◆ TASK DIRECTIONS
When you reach the line with "Plan produced by" in the data below, begin printing lines exactly, and stop once the line with "Detailed Trio Punch - 146320" has been printed.

◆ DATA SHOWN
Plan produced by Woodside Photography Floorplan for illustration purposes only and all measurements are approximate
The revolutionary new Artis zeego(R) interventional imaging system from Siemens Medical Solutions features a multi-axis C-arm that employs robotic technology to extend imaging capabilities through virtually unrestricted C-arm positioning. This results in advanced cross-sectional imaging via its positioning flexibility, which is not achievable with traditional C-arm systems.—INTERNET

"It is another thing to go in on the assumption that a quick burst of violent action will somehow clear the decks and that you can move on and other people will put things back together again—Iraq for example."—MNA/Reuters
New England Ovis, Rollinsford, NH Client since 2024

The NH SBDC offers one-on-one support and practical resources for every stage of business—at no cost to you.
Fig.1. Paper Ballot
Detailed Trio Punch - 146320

---

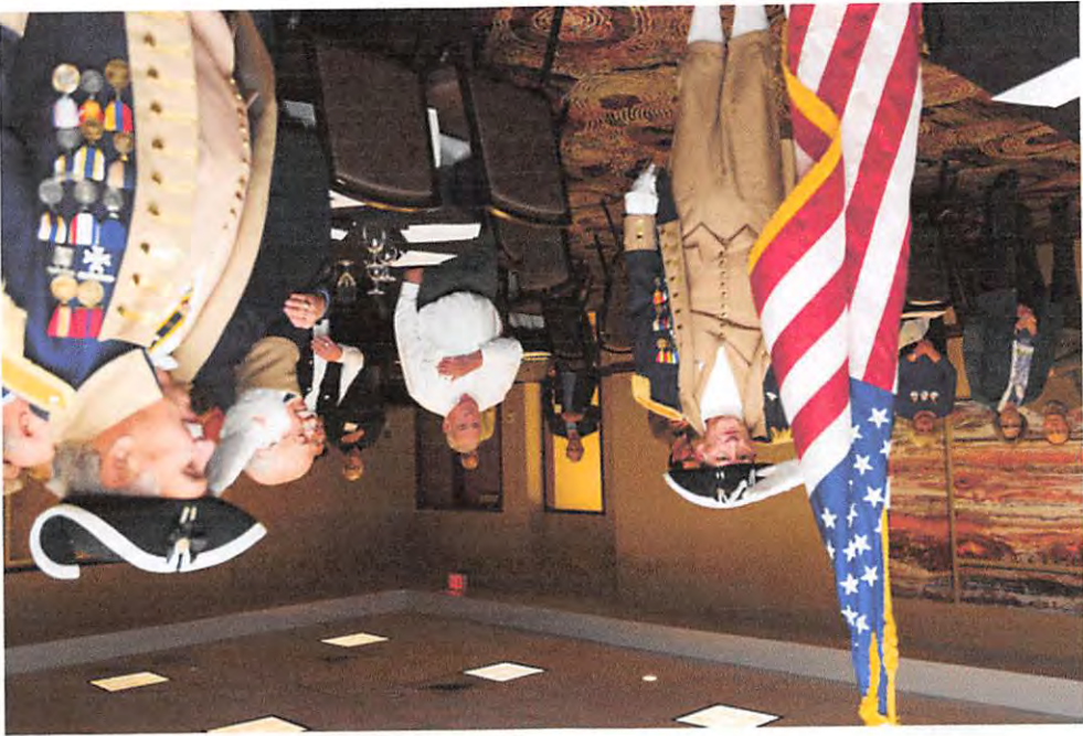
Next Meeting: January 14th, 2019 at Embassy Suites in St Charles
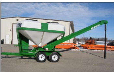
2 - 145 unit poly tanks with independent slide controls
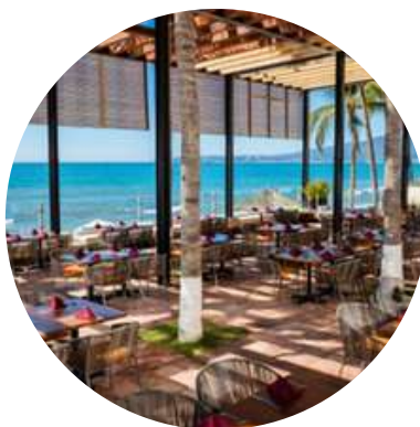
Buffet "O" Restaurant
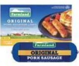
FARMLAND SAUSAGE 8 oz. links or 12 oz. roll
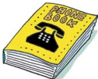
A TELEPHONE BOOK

==

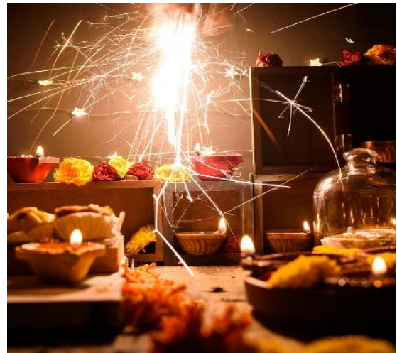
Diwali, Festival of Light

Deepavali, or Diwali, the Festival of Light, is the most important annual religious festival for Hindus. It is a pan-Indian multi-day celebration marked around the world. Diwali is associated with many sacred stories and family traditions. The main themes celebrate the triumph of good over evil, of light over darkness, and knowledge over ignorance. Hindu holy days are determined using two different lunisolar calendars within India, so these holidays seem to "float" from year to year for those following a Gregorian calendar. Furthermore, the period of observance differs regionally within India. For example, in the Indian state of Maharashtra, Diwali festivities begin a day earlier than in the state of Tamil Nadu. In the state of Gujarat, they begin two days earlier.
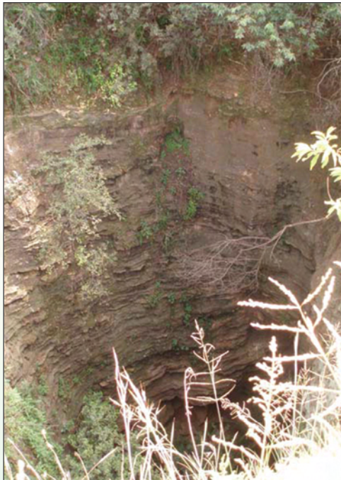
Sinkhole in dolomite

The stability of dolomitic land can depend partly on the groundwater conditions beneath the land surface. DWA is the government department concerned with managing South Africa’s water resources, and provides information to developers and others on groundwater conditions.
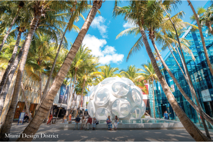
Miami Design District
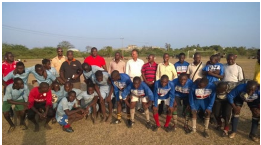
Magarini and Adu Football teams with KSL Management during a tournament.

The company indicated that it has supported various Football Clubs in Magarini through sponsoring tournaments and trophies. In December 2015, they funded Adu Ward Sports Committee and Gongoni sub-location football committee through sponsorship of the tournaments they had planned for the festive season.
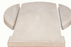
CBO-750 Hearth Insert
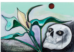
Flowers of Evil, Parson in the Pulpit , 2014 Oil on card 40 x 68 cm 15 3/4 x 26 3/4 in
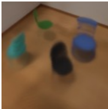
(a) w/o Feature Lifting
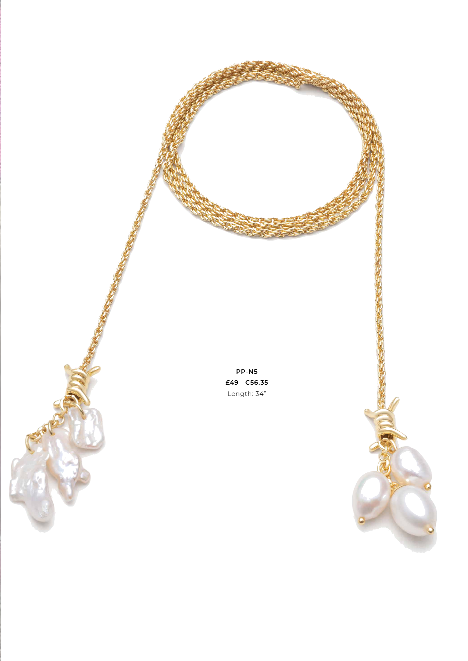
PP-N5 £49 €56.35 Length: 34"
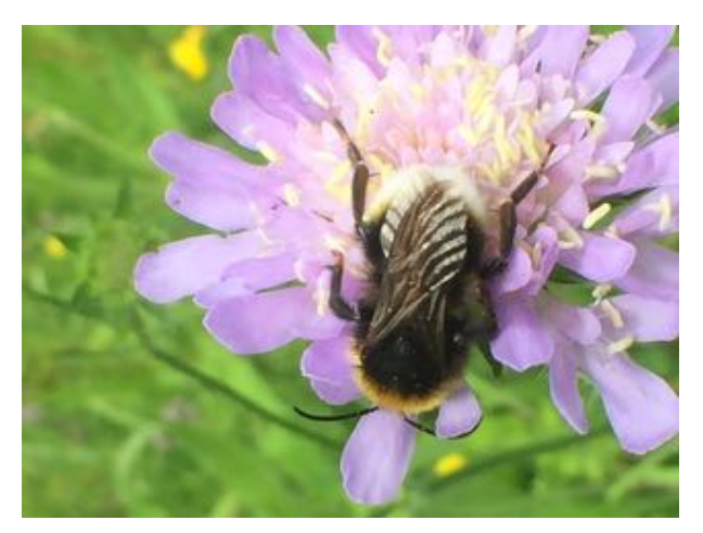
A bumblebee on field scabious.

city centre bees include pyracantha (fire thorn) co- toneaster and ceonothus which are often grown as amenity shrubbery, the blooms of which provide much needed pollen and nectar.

◆ SOLUTION
Plan produced by Woodside Photography Floorplan for illustration purposes only and all measurements are approximate
The revolutionary new Artis zeego(R) interventional imaging system from Siemens Medical Solutions features a multi-axis C-arm that employs robotic technology to extend imaging capabilities through virtually unrestricted C-arm positioning. This results in advanced cross-sectional imaging via its positioning flexibility, which is not achievable with traditional C-arm systems.—INTERNET

"It is another thing to go in on the assumption that a quick burst of violent action will somehow clear the decks and that you can move on and other people will put things back together again—Iraq for example."—MNA/Reuters
New England Ovis, Rollinsford, NH Client since 2024

The NH SBDC offers one-on-one support and practical resources for every stage of business—at no cost to you.
Fig.1. Paper Ballot
Detailed Trio Punch - 146320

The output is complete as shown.